Covenants vs Contracts
Contracts
- Are made in suspicion - Limits one's responsibility - Exchanges goods - Forms business bonds - When broken, the relationship is broken - Is legally enforceable and breakable - Prompts one to obey
Covenants
- Are made with trust and grounded on promises - open ended/unlimited responsibility - exchanges people - forms kinship bonds - When broken, persons are broken - Is not legally enforceable and breakable - prompts one to love
What is the purpose of covenants presented by scripture? What is God doing in making the covenants we find in the Bible?
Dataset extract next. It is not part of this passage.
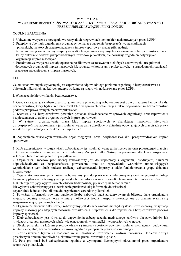WYTYCZNE W ZAKRESIE BEZPIECZEŃSTWA PODCZAS ROZGRYWEK PIŁKARSKICH ORGANIZOWANYCH PRZEZ LUBELSKI ZWIĄZEK PIŁKI NOŻNEJ OGÓLNE ZAŁOŻENIA 1. Uchwalone wytyczne obowiązują we wszystkich rozgrywkach seniorskich nadzorowanych przez LZPN. 2. Przepisy te obejmują zagadnienia organizacyjne mające zapewnić bezpieczeństwo na stadionach piłkarskich, na których przeprowadzane są imprezy sportowe - mecze piłki nożnej. 3. Niniejsze wytyczne te nie wyczerpują wszystkich zagadnień związanych z zapewnieniem bezpieczeństwa przez kluby piłkarskie podczas przeprowadzanych zawodów piłkarskich, nie poruszają zagadnień dotyczących organizacji imprez masowych. 4. Przedmiotowe wytyczne zostały oparte na posiłkowym zastosowaniu niektórych ustawowych uregulowań dotyczących organizacji imprez masowych jak również wykorzystaniu praktycznych, sprawdzonych rozwiązań z zakresu zabezpieczenia imprez masowych. CEL Celem ustanowionych wytycznych jest zapewnienie odpowiedniego poziomu organizacji i bezpieczeństwa na obiektach piłkarskich, na których przeprowadzane są rozgrywki nadzorowane przez LZPN. I. Wyznaczenie kierownika ds. bezpieczeństwa. 1. Osoba zarządzająca klubem organizującym mecze piłki nożnej zobowiązana jest do wyznaczenia kierownika ds. bezpieczeństwa, który będzie reprezentował klub w sprawach organizacji a także odpowiadał za bezpieczeństwo podczas przeprowadzanych meczów piłkarskich. 2. Kierownik ds. bezpieczeństwa powinien posiadać doświadczenie w sprawach organizacji oraz zapewnieniu bezpieczeństwa w trakcie organizowanych imprez sportowych. 3. W sytuacji organizowania przez klub imprez sportowych o charakterze masowym, kierownik ds. bezpieczeństwa zobowiązany jest spełniać wymagania określone w aktualnie obowiązujących przepisach prawa w zakresie posiadanego przeszkolenia i uprawnień. II. Zapewnienie właściwych warunków organizacyjnych oraz bezpieczeństwa dla przeprowadzanych imprez sportowych. 1. Klub uczestniczący w rozgrywkach zobowiązany jest spełniać wymagania licencyjne oraz przestrzegać przepisy dot. bezpieczeństwa ustanowione przez właściwy Związek Piłki Nożnej, odpowiednie dla klasy rozgrywek, w których bierze udział jego drużyna piłkarska. 2. Organizator meczów piłki nożnej zobowiązany jest do współpracy z organami, instytucjami, służbami odpowiedzialnymi za bezpieczeństwo powszechne oraz do zapewnienia warunków umożliwiających współdziałanie tych służb podczas realizacji zabezpieczenia imprezy a także funkcjonowania grupy działania kryzysowego. 3. Organizator meczów piłki nożnej zobowiązany jest do przekazania właściwej terytorialnie jednostce Policji terminarzy planowanych rozgrywek piłkarskich oraz informowania o wszelkich zmianach terminów meczów. 4. Klub organizujący wyjazd swoich kibiców bądź posiadający wiedzę na temat zamiaru ich wyjazdu zobowiązany jest niezwłocznie przekazać taką informację do właściwej terytorialnie jednostki Policji oraz do organizatora zawodów piłkarskich. 5. Powyższa informacja powinna zawierać liczbę nabytych bądź zarezerwowanych biletów, dane organizatora wyjazdu, godzinę wyjazdu oraz w miarę możliwości środki transportu wykorzystane do przemieszczania się zorganizowanej grupy swoich kibiców. 6. Organizator meczów piłki nożnej zobowiązany jest do zapewnienia niezbędnej ilości służb ochrony, w sytuacji imprezy masowej posiadających stosowne przeszkolenia i uprawnienia dla zapewnienia bezpieczeństwa podczas imprezy sportowej. 7. Klub zobowiązany jest również do zapewnienia zabezpieczenia medycznego zarówno dla zawodników jak i widzów oraz tzw. noszowych właściwie oznaczonych w kamizelki i wyposażonych w nosze. 8. Obiekt piłkarski, na którym przeprowadzane są imprezy sportowe powinien spełniać wymagania budowlane, sanitarno-socjalne, bezpieczeństwa pożarowe zgodnie z przepisami prawa powszechnego. 9. Rozmieszczenie trybun na stadionie musi umożliwiać rozdzielenie widzów zwłaszcza kibiców drużyn przeciwnych oraz uniemożliwiać niekontrolowane przemieszczanie się osób. 10. Pole gry musi być zabezpieczone zgodnie z wymogami licencyjnymi określonymi przez organizatora rozgrywek piłkarskich. 11. Obiekt sportowy powinien posiadać w dostępnym dla widzów miejscu plan stadionu, regulamin stadionu. 12. Osoba zarządzająca klubem sportowym zobowiązana jest wyznaczyć spikera zawodów, który powinien posiadać doświadczenie w wykonywaniu w/w zawodu i ewentualnie w zależności od klasy rozgrywek stosowne przeszkolenie. 13. Stadion powinien być wyposażony w system nagłośnienia umożliwiający pracę spikerowi zawodów, tablicę informacyjną z zegarem lub telebim. III. Organizacja imprez sportowych – meczów piłki nożnej. 1. Informacje o planowanym meczu muszą być udostępnione w formie plakatów bądź w inny publiczny sposób. Dane informacyjne muszą zawierać nazwę klasy rozgrywek, nazwę drużyn piłkarskich, datę i godzinę rozpoczęcia spotkania piłkarskiego, godzinę udostępnienia stadionu dla widzów, ewentualnie jeżeli udział w imprezie jest odpłatny ceny biletów wstępu. 2. Sprzedaży biletów powinna odbywać się w przystosowanych do tego celu punktach kasowych, w których również znajdować się powinny punkty informacyjne. 3. Organizator imprezy sportowej zobowiązany jest zapewnić bilety wstępu dla kibiców drużyny przyjezdnej w ilości minimum 5% ogólnej ilości udostępnionych miejsc na stadionie. 4. Organizator meczu powinien zapewnić dla kibiców w tym również drużyny przyjezdnej toalety i bufet. 5. Sprzedaż biletów wstępu na mecz piłki nożnej dla kibiców przyjezdnych powinna być umożliwiona za pośrednictwem klubu macierzystego i w kasach sprzedaży na obiekcie gospodarza zawodów w dniu meczu. 6. Bilety wstępu powinny zostać przekazane dla zorganizowanych kibiców drużyn przyjezdnych na podstawie zamówienie z Klubu macierzystego w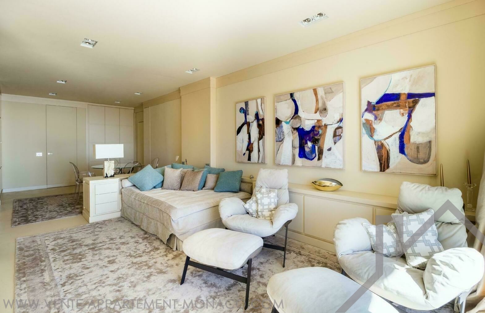 Magnifique appartement de 68 m² en excellent état et meublé, avec une terrasse de 12 m² offrant une vue magnifique sur la mer. Cet appartement de deux chambres est situé au dernier étage d’une résidence avec service de conciergerie, au cœur de la Place des Moulins, à proximité de toutes les commodités et à seulement quelques minutes des plages par ascenseur public. L’appartement comprend un hall d’entrée, un grand salon devant la terrasse donnant sur la mer, une cuisine indépendante et entièrement équipée, une chambre principale avec vue sur la mer, une salle de bain avec douche et toilettes, ainsi que la terrasse.

- He is forging sacred kinship bonds. He is saying to His people, "I will be their God and they shall be My people...I will be a Father to you and you shall be sons and daughters to Me" (see 2 Corinthians 6:16). - By His covenants, God is taking the "creatures" He made and raising them to the status of divine offspring, divine children. By His covenants, the Creator is fathering a family. The human race is being transformed from something physical and natural into something spiritual and supernatural. Humans are being changed from merely a species sharing common traits and characteristics into a divine brotherhood and sisterhood, a family of God. The story line and the drama of the Bible all plays out against this backdrop of divine family-making.
Key differences
First, contracts involve promises whereas covenants involve oaths. The second big difference between contracts and covenants is this: contracts exchange property whereas covenants exchange persons. c. Covenants are generally not legally enforceable, contracts are. d. Covenants break the person or persons(s) when they are broken; contracts break the law, a legal agreement or legal relationship when broken.
Keys to remember:
God offers us a covenant, not a contract, regarding our salvation: Note: the OT and NT or Old Covenant and the New Covenant In contemporary society, many live contractually in relationships that, according to scripture, should be lived in the form of a covenant: marriages, parent-child, some vocations (teaching, policing, politics and preaching) In contemporary society, many reject the Catholic belief that one is morally obligated and has a duty to live out certain relationships in the form of a covenant (marriages, parenting, etc.). Nowadays, many believe that one has the right to choose whether or not they will or will not live in specific a human relationship in a covenant or contractual manner (marriages, parenting with legal abortion, brothers and sisters, police officers, etc.).
Note how God expands the covenants in scripture:
from man and wife, to family, to extended family, to the clan, to the tribe, to the nation and finally to all people through Jesus Christ.